◆ **HOW TO COMPLETE THIS TASK**:
Using the listing below, please print exactly the lines from the one with "Собака-бигль в круглых" through the one with "from Italy. |". Leave out every picture.

◆ **DATA EXTRACT**:
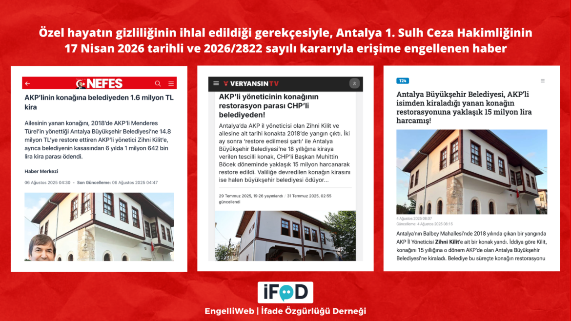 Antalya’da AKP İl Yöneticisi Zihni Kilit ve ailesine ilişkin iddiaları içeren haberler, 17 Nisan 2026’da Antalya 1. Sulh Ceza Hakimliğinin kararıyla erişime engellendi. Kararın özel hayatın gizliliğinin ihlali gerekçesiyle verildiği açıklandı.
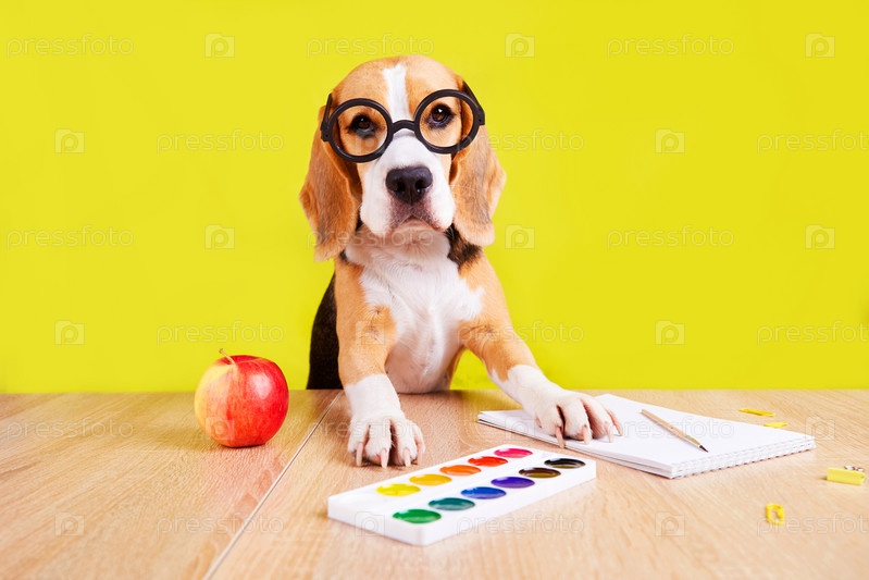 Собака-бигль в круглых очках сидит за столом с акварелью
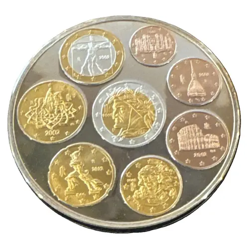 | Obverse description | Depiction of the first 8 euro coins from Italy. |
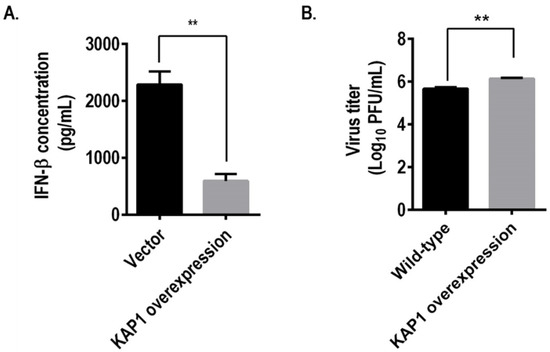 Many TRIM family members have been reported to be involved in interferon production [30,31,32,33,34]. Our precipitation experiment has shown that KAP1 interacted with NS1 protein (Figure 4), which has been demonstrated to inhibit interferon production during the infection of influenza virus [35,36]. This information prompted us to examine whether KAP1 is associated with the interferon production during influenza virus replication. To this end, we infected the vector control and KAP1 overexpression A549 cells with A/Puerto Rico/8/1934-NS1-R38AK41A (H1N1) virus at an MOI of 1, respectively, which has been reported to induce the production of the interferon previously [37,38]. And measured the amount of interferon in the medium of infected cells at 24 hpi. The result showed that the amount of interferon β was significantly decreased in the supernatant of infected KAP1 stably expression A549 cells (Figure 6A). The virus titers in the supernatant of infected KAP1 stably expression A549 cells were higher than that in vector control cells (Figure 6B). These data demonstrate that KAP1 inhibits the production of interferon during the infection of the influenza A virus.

---

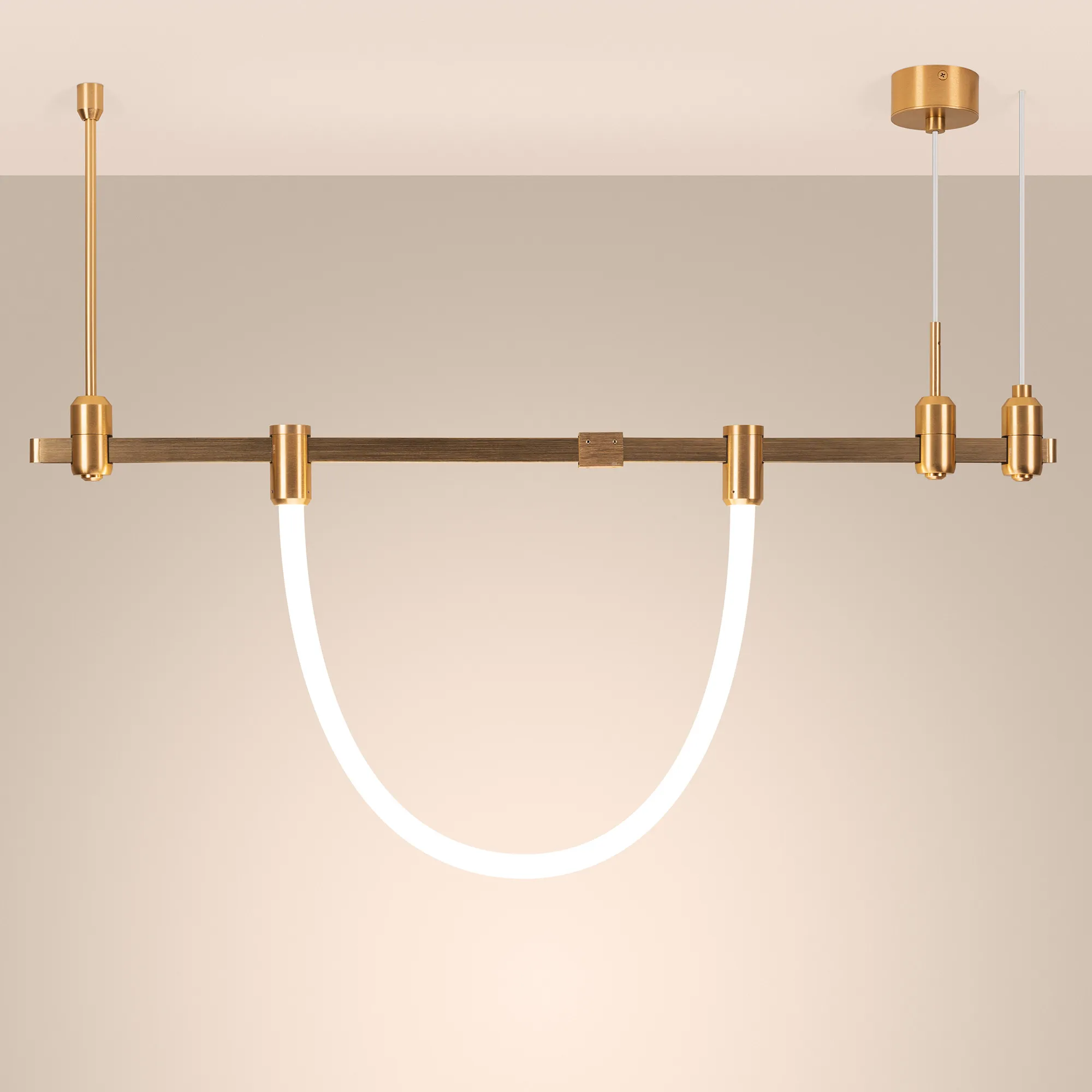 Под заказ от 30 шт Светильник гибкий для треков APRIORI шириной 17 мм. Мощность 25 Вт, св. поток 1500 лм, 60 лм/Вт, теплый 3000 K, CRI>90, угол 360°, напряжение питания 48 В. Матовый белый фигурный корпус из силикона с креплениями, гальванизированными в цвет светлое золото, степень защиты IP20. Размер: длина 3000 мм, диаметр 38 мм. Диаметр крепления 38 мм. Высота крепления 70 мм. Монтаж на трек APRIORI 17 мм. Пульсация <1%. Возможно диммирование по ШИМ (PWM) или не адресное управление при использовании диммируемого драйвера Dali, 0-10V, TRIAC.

◆ **SOLUTION FOR THIS EXERCISE**:
 Собака-бигль в круглых очках сидит за столом с акварелью
 | Obverse description | Depiction of the first 8 euro coins from Italy. |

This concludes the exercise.